Hi,
thx, for your quick reply. Yes we have a little cluster with 4 servers.
The problem only exists on this machine and also for all users.
The only difference is that this particular machine is the master host.
The other machines are just execution hosts and one of them is also a
shadow master. Otherwise they are pretty much identical, software wise.

till

On 05/09/12 17:09, Reuti wrote:
> Hi,
>
> Am 05.09.2012 um 15:06 schrieb Tillmann Stieger:
>
>   
>> I have been searching for a solution to my problem for quite a while. But no 
>> luck so far. I hope that someone here can help me out.
>>
>> On one specific machine I always get the following error-message:
>>     
> You mean you have a larger cluster and problem exists only on one machine, 
> and there for one or all users?
>
> Is this node in some wy differently configured than the others?
>
> -- Reuti
>
>
>   
>> Job 6941 caused action: Job 6941 set to ERROR
>>
>> User        = xxx
>> Queue       = all.q@xxx
>> Start Time  = <unknown>
>> End Time    = <unknown>
>> failed opening input/output file:09/05/2012 12:48:00 [1111:12201]: can't 
>> stat() "/home/xxx" as stdout_path
>> Shepherd trace:
>> 09/05/2012 12:48:00 [1111:12200]: shepherd called with uid = 1111, euid = 
>> 1111
>> 09/05/2012 12:48:00 [1111:12200]: starting up 2011.11
>> 09/05/2012 12:48:00 [1111:12200]: warning: starting not as superuser 
>> (uid=1111)
>> 09/05/2012 12:48:00 [1111:12200]: setpgid(12200, 12200) returned 0
>> 09/05/2012 12:48:00 [1111:12200]: do_core_binding: "binding" parameter not 
>> found in config file
>> 09/05/2012 12:48:00 [1111:12200]: no prolog script to start
>> 09/05/2012 12:48:00 [1111:12200]: parent: forked "job" with pid 12201
>> 09/05/2012 12:48:00 [1111:12200]: parent: job-pid: 12201
>> 09/05/2012 12:48:00 [1111:12201]: child: starting son(job, 
>> /opt/sge6_2/default/spool/crab2/job_scripts/6941, 0);
>> 09/05/2012 12:48:00 [1111:12201]: pid=12201 pgrp=12201 sid=12201 old 
>> pgrp=12200 getlogin()=<no login set>
>> 09/05/2012 12:48:00 [1111:12201]: reading passwd information for user 'xxx'
>> 09/05/2012 12:48:00 [1111:12201]: setosjobid: uid = 1111, euid = 1111
>> 09/05/2012 12:48:00 [1111:12201]: setting limits
>> 09/05/2012 12:48:00 [1111:12201]: RLIMIT_CPU setting: (soft 
>> 18446744073709551615(INFINITY), hard 18446744073709551615(INFINITY)) 

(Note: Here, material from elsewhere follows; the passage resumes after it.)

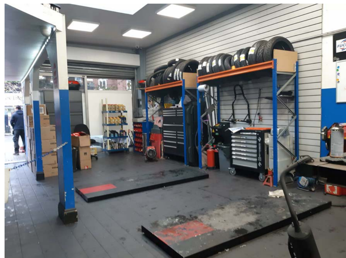
PIC. 04- SERVICING AREA

>> resulting: (soft 18446744073709551615(INFINITY), hard 
>> 18446744073709551615(INFINITY))
>> 09/05/2012 12:48:00 [1111:12201]: RLIMIT_FSIZE setting: (soft 
>> 18446744073709551615(INFINITY), hard 18446744073709551615(INFINITY)) 
>> resulting: (soft 18446744073709551615(INFINITY), hard 
>> 18446744073709551615(INFINITY))
>> 09/05/2012 12:48:00 [1111:12201]: RLIMIT_DATA setting: (soft 
>> 18446744073709551615(INFINITY), hard 18446744073709551615(INFINITY)) 

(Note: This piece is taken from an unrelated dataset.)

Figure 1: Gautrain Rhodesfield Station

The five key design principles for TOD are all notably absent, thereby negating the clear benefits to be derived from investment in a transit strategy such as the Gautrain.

>> resulting: (soft 18446744073709551615(INFINITY), hard 
>> 18446744073709551615(INFINITY))
>> 09/05/2012 12:48:00 [1111:12201]: RLIMIT_STACK setting: (soft 
>> 18446744073709551615(INFINITY), hard 18446744073709551615(INFINITY)) 

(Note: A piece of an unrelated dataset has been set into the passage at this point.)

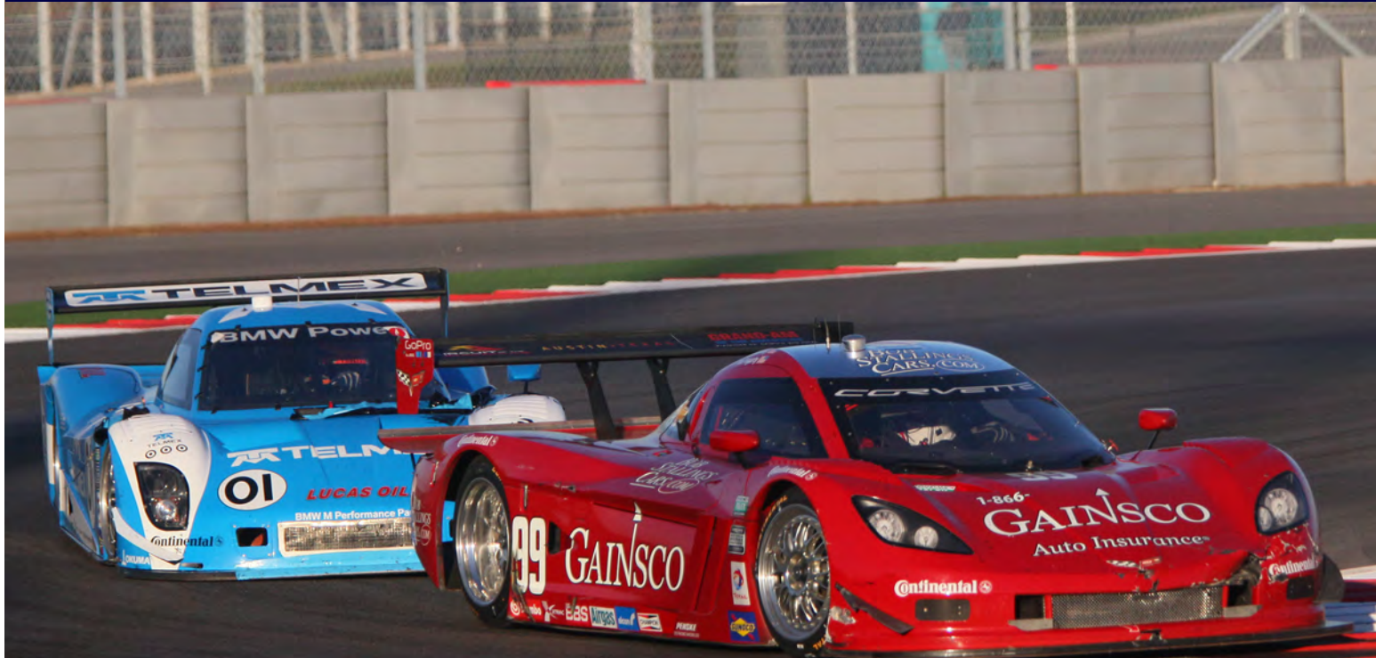
The #99 Corvette DP of GAINSCO Racing took the overall first place victory.

>> resulting: (soft 18446744073709551615(INFINITY), hard 
>> 18446744073709551615(INFINITY))
>> 09/05/2012 12:48:00 [1111:12201]: RLIMIT_CORE setting: (soft 
>> 18446744073709551615(INFINITY), hard 18446744073709551615(INFINITY)) 
>> resulting: (soft 18446744073709551615(INFINITY), hard 
>> 18446744073709551615(INFINITY))
>> 09/05/2012 12:48:00 [1111:12201]: RLIMIT_VMEM/RLIMIT_AS setting: (soft 
>> 18446744073709551615(INFINITY), hard 18446744073709551615(INFINITY)) 
>> resulting: (soft 18446744073709551615(INFINITY), hard 
>> 18446744073709551615(INFINITY))
>> 09/05/2012 12:48:00 [1111:12201]: RLIMIT_RSS setting: (soft 
>> 18446744073709551615(INFINITY), hard 18446744073709551615(INFINITY)) 
>> resulting: (soft 18446744073709551615(INFINITY), hard 
>> 18446744073709551615(INFINITY))
>> 09/05/2012 12:48:00 [1111:12201]: setting environment
>> 09/05/2012 12:48:00 [1111:12201]: Initializing error file
>> 09/05/2012 12:48:00 [1111:12201]: switching to intermediate/target user
>> 09/05/2012 12:48:00 [1111:12201]: tried to change uid/gid without being root
>> 09/05/2012 12:48:00 [1111:12201]: try running further with uid=1111
>> 09/05/2012 12:48:00 [1111:12201]: closing all filedescriptors
>> 09/05/2012 12:48:00 [1111:12201]: further messages are in "error" and "trace"
>> 09/05/2012 12:48:00 [1111:12201]: can't stat() "/home/xxx" as stdout_path: 
>> Permission denied KRB5CCNAME=none uid=1111 gid=100 100 
>> 09/05/2012 12:48:00 [1111:12200]: wait3 returned 12201 (status: 6656; 
>> WIFSIGNALED: 0,  WIFEXITED: 1, WEXITSTATUS: 26)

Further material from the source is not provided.